**MATERIAL TO PROCESS:**

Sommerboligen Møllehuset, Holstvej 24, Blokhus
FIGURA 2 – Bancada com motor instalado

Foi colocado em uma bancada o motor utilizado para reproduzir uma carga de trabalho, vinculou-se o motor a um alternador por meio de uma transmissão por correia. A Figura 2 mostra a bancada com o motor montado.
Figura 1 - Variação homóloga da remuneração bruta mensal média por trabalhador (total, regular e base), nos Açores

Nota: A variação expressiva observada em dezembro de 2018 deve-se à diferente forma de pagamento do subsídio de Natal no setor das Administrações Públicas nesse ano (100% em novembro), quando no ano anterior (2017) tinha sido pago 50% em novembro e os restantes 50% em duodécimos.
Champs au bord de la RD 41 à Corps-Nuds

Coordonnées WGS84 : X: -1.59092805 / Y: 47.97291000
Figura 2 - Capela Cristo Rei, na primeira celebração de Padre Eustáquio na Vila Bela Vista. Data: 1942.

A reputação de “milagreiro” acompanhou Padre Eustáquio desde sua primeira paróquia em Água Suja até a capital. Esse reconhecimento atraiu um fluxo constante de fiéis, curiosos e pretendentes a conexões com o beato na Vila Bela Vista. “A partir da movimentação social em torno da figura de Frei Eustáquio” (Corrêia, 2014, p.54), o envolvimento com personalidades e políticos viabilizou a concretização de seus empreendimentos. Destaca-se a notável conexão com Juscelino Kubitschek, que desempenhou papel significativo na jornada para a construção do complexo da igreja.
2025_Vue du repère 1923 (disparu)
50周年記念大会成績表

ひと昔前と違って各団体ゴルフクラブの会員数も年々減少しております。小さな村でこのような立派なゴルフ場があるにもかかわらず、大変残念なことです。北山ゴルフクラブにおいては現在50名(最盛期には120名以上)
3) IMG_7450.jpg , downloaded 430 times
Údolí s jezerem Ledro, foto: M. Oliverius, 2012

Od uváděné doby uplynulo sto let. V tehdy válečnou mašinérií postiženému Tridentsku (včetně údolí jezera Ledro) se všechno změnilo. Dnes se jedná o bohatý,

**YOUR GOAL:** Only the lines of the data holding the string "Padre" are wanted; copy each of them.

**RESPONSE FOR THIS EXERCISE:**
Figura 2 - Capela Cristo Rei, na primeira celebração de Padre Eustáquio na Vila Bela Vista. Data: 1942.
A reputação de “milagreiro” acompanhou Padre Eustáquio desde sua primeira paróquia em Água Suja até a capital. Esse reconhecimento atraiu um fluxo constante de fiéis, curiosos e pretendentes a conexões com o beato na Vila Bela Vista. “A partir da movimentação social em torno da figura de Frei Eustáquio” (Corrêia, 2014, p.54), o envolvimento com personalidades e políticos viabilizou a concretização de seus empreendimentos. Destaca-se a notável conexão com Juscelino Kubitschek, que desempenhou papel significativo na jornada para a construção do complexo da igreja.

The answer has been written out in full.